* Activity: Each line of the data below containing "found" needs to be listed.

* Provided data:

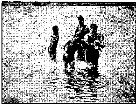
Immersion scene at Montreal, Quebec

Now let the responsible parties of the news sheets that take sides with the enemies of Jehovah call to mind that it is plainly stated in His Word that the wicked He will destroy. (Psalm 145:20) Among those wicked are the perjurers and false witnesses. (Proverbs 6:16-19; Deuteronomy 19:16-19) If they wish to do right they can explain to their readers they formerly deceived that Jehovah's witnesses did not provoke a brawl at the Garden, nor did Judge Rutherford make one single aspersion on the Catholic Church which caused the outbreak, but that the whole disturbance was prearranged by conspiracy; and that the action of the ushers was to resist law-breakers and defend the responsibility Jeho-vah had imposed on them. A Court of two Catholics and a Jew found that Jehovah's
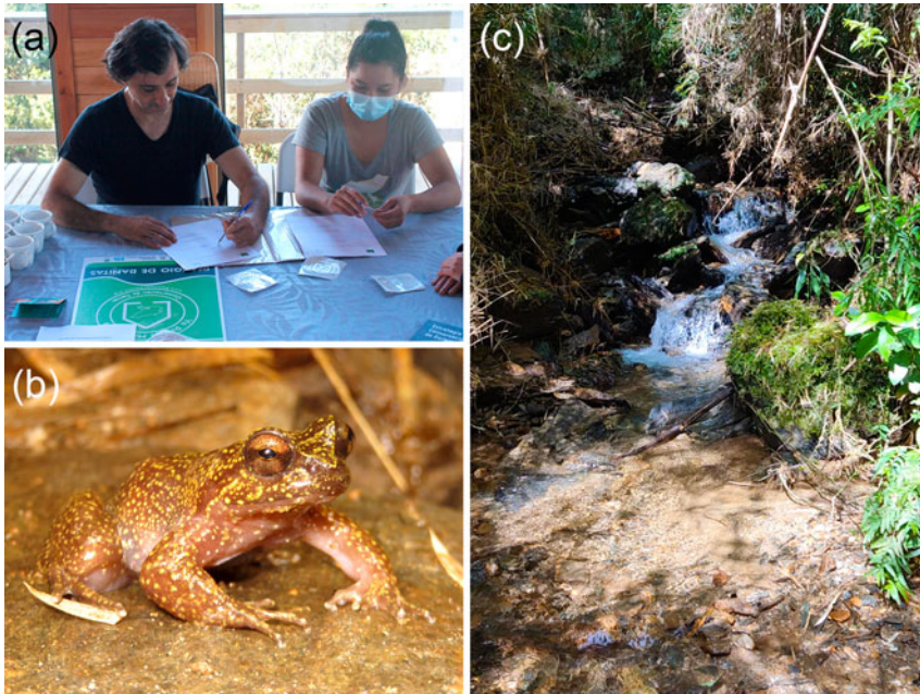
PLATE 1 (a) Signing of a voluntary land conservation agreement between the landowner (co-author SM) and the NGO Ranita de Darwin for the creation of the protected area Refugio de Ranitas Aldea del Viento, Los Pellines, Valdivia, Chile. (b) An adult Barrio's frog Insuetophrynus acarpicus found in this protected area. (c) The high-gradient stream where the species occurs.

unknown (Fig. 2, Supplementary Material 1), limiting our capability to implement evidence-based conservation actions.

* * *

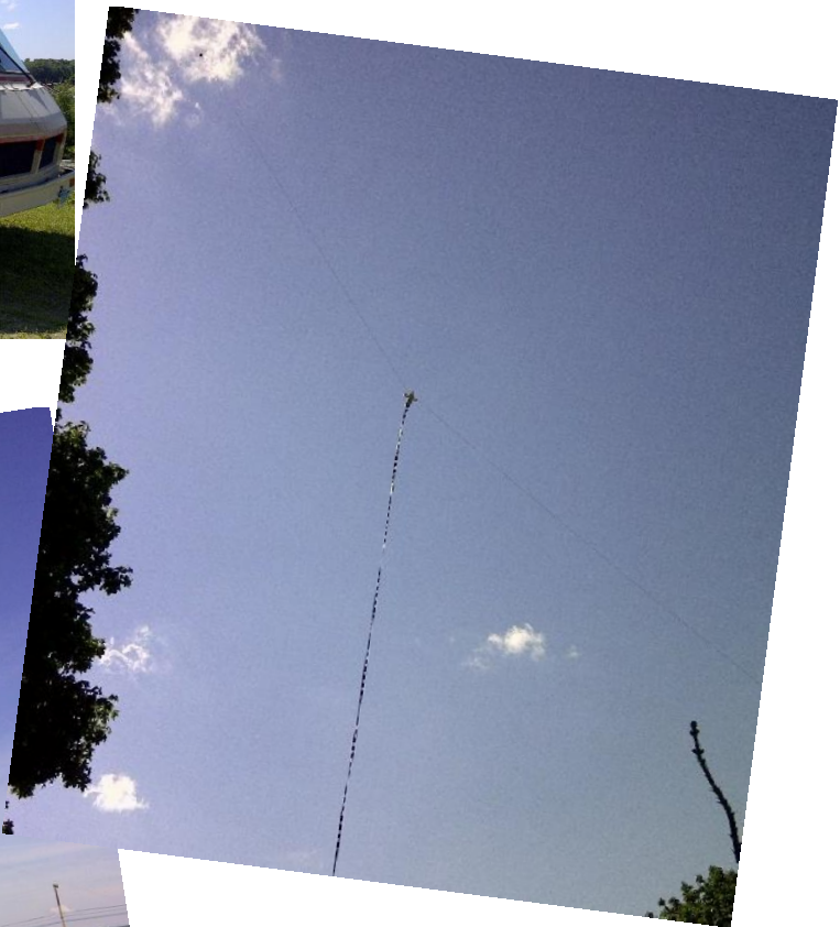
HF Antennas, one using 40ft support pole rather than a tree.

---

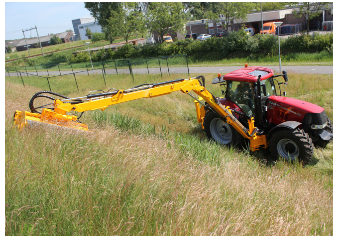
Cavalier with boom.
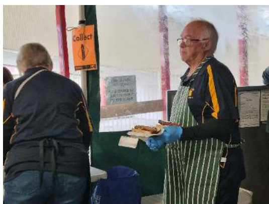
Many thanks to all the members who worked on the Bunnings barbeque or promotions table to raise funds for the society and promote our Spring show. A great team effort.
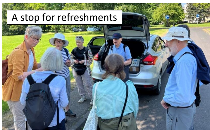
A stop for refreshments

* Expected answer:
Now let the responsible parties of the news sheets that take sides with the enemies of Jehovah call to mind that it is plainly stated in His Word that the wicked He will destroy. (Psalm 145:20) Among those wicked are the perjurers and false witnesses. (Proverbs 6:16-19; Deuteronomy 19:16-19) If they wish to do right they can explain to their readers they formerly deceived that Jehovah's witnesses did not provoke a brawl at the Garden, nor did Judge Rutherford make one single aspersion on the Catholic Church which caused the outbreak, but that the whole disturbance was prearranged by conspiracy; and that the action of the ushers was to resist law-breakers and defend the responsibility Jeho-vah had imposed on them. A Court of two Catholics and a Jew found that Jehovah's
PLATE 1 (a) Signing of a voluntary land conservation agreement between the landowner (co-author SM) and the NGO Ranita de Darwin for the creation of the protected area Refugio de Ranitas Aldea del Viento, Los Pellines, Valdivia, Chile. (b) An adult Barrio's frog Insuetophrynus acarpicus found in this protected area. (c) The high-gradient stream where the species occurs.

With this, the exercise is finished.